Say I got a DF Containing this:
age=c("France","Mars","Jupitor","Moon","Sun","Afrika","Texas","Michigan","Washington","Kiev","Amsterdam","Norway")
height=c("Paris","Planet","Planet","COLD","HOT!","LIONS","Austin","Lansing","WashingtonDC","Ukrain","Holland","Oslo")
village=data.frame(age=age,height=height)
and I use grep('Moon',village$age, ignore.case=TRUE) to search which row it is on.
How can you add a column in front of age, to score it with in example, the number 1,
if I use grep('FRANCE',village$age, ignore.case=TRUE) to score it with the number 2?
You didn't specify what the non-found "scores" should be, so the following just uses NA's:
age <- c("France","Mars","Jupitor","Moon","Sun","Afrika",
"Texas","Michigan","Washington","Kiev","Amsterdam","Norway")
height <- c("Paris","Planet","Planet","COLD","HOT!","LIONS",
"Austin","Lansing","WashingtonDC","Ukrain","Holland","Oslo")
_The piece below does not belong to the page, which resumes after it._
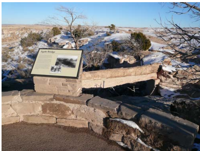
圖十四 瑪瑙橋一景

小，在耀眼的陽光照射下，木化石散發出五顏六色的瑪瑙化光彩。園區中有一座木化石橋（圖十四），又稱瑪瑙橋（Agate Bridge），它是當年印地安人通行的工具，然而在大自然洗禮下，如今已有多處裂痕，爲了保持橋的樣貌，在木化石的底部特地用水泥護墩加以強固，遊客無法在橋面行走，我們也只能遠望。另有一處是由木化石所搭建的房舍（圖十五），也是印地安人的傑作，就地取材創造出特殊風格的建築。

village <- data.frame(score=NA, age=age, height=height)
print(village)
## score age height
## 1 NA France Paris
## 2 NA Mars Planet
## 3 NA Jupitor Planet
## 4 NA Moon COLD
## 5 NA Sun HOT!
## 6 NA Afrika LIONS
## 7 NA Texas Austin
## 8 NA Michigan Lansing
## 9 NA Washington WashingtonDC
## 10 NA Kiev Ukrain
## 11 NA Amsterdam Holland
## 12 NA Norway Oslo
village[grep('moon', village$age, ignore.case=TRUE),]$score <- 1
village[grep('france', village$age, ignore.case=TRUE),]$score <- 2
print(village)
## score age height
## 1 2 France Paris
## 2 NA Mars Planet
## 3 NA Jupitor Planet
## 4 1 Moon COLD
## 5 NA Sun HOT!
## 6 NA Afrika LIONS
## 7 NA Texas Austin
## 8 NA Michigan Lansing
## 9 NA Washington WashingtonDC
## 10 NA Kiev Ukrain
## 11 NA Amsterdam Holland
## 12 NA Norway Oslo